Thursday, May 31, 2012

Norwegian Tax for expats - Residency

I recently had a call regarding what constitutes tax residency in Norway and specifically the 90 day rule.


If you are resident in Norway for tax purposes, you will be liable to pay tax to Norway on all assets and income, whether located or earned in Norway or abroad. Tax agreements with other countries may limit your taxes to Norway.


What constitutes 'Residence for tax purposes' ?


When you stay for one or several periods in Norway for more than 183 days during a 12-month period you will be considered as tax resident in Norway. The same applies to persons staying in Norway for one or several periods for more than 270 days over a 36-month period. Every whole or part of a calendar day of stay in Norway is included when calculating the number of days.

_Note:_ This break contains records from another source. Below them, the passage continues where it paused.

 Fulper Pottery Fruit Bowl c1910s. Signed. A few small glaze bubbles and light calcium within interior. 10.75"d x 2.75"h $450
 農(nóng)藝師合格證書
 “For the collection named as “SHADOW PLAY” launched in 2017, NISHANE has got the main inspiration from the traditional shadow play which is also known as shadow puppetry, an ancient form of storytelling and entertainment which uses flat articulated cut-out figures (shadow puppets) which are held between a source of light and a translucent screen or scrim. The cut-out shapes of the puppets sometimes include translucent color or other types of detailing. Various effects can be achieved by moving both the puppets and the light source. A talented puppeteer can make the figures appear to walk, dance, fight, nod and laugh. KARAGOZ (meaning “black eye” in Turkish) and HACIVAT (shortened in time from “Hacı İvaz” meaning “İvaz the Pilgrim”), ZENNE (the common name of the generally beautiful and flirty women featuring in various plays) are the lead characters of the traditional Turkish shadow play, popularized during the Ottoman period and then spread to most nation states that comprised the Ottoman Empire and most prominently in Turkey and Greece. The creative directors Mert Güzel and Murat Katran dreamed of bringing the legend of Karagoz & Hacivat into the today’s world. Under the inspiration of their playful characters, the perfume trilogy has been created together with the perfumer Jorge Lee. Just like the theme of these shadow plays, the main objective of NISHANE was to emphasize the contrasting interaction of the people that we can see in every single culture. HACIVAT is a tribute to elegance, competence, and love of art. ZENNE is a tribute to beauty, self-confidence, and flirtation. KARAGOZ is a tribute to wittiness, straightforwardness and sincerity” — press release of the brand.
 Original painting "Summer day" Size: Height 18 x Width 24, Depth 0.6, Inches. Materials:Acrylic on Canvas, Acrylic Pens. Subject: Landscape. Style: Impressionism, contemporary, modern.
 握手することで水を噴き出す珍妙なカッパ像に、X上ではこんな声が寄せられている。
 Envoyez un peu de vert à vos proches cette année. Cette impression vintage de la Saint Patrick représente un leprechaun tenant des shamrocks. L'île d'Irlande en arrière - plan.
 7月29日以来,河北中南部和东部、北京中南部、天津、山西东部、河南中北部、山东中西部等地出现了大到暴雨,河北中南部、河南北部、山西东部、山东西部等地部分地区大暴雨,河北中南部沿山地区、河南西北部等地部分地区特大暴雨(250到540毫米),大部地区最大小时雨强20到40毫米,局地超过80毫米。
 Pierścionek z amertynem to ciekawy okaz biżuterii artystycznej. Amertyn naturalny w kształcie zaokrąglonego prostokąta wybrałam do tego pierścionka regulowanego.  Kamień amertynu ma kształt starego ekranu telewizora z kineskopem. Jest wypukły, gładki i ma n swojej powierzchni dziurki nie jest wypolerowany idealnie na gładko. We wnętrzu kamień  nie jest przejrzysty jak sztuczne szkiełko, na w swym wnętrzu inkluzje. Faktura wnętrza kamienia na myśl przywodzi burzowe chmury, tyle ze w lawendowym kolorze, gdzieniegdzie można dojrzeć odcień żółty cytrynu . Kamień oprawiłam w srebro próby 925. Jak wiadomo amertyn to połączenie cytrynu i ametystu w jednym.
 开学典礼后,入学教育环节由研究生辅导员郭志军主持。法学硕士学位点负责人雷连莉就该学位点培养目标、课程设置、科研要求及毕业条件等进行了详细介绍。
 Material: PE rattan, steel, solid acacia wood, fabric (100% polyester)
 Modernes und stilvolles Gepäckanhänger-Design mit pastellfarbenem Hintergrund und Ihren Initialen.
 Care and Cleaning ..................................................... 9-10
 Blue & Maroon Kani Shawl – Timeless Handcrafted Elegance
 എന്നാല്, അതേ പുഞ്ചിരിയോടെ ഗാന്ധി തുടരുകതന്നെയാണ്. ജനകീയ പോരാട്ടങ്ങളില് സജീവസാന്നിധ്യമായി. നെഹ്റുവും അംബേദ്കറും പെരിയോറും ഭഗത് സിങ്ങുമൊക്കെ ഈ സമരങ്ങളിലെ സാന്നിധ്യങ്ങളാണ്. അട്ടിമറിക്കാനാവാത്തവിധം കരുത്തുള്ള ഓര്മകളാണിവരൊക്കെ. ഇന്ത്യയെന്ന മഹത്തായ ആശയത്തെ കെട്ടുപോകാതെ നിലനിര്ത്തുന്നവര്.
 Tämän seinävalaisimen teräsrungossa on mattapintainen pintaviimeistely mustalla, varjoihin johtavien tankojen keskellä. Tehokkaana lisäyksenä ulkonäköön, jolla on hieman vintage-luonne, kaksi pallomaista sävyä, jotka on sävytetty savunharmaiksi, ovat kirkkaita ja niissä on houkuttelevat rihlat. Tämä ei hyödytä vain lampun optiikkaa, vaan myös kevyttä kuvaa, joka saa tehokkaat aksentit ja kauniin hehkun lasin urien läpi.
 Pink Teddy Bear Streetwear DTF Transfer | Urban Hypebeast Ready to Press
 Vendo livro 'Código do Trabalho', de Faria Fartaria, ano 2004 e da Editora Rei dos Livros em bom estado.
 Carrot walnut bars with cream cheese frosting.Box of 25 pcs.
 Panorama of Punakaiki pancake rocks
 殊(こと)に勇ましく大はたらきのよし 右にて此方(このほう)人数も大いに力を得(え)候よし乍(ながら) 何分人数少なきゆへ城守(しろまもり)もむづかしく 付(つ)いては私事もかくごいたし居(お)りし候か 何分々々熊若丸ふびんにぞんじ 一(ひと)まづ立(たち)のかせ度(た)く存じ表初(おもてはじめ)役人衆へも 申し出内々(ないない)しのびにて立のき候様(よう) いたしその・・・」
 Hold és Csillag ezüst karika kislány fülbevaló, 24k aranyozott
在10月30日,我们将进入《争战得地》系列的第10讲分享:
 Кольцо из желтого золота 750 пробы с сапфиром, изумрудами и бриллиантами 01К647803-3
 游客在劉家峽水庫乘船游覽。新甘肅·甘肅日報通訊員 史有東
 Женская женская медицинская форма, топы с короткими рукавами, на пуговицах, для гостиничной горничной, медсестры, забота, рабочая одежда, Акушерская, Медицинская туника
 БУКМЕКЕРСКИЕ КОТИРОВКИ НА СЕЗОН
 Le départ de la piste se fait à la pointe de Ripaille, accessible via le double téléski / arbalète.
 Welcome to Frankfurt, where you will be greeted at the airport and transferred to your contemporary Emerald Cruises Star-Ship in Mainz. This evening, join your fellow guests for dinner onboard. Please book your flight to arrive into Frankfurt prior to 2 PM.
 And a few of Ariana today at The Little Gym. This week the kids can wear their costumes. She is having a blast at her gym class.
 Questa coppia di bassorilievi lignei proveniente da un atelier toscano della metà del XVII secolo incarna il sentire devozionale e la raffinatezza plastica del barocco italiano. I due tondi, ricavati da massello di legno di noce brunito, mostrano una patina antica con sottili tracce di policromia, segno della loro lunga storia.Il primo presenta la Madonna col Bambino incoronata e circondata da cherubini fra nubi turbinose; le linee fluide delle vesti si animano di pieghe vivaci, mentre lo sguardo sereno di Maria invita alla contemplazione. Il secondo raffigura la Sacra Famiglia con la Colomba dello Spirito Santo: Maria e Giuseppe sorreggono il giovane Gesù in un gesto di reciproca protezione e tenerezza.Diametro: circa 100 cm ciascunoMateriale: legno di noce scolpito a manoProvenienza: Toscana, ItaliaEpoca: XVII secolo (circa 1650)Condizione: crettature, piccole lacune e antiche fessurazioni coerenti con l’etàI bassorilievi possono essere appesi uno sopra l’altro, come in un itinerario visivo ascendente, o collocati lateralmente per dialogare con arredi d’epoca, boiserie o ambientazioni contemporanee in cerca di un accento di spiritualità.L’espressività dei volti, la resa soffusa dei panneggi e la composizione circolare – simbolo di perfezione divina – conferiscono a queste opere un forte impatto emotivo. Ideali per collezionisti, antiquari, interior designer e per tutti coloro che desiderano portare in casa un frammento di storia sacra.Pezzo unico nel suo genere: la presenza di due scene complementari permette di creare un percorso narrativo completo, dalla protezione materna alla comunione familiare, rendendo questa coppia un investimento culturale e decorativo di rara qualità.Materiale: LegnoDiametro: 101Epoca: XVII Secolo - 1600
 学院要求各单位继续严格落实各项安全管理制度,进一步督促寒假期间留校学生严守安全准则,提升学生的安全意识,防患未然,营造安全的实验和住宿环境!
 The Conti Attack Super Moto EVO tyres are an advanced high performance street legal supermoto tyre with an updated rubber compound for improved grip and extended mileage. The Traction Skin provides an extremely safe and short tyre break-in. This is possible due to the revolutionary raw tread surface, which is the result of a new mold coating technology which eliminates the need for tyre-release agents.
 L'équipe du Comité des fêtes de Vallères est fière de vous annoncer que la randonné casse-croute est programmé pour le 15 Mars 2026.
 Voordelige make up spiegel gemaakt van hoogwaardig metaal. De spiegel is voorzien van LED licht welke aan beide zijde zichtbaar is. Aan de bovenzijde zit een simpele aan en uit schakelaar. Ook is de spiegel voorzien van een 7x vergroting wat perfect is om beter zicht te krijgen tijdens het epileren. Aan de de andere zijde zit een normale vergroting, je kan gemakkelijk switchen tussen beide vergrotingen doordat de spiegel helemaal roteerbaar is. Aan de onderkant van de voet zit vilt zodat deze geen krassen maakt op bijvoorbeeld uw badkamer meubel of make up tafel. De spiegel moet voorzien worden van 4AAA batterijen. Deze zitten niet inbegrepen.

If you stay in Norway for more than 183 days during the year you moved to Norway, you are resident for tax purposes from the first day of your stay in Norway. If the 183 days are divided between two income years, you will become a tax resident from 1 January in the second year. (You will have limited tax liability the preceding year. This means that you are only liable to pay tax on certain income linked to Norway.)


If you stay in Norway for more than 270 days over a 36-month period, you will be resident for tax purposes from 1 January in the year when your stay exceeds 270 days. (You will have limited tax liability the preceding year/s.)


The 90 day rule


You may stay an average of 90 days per year in Norway without becoming resident for tax purposes in Norway.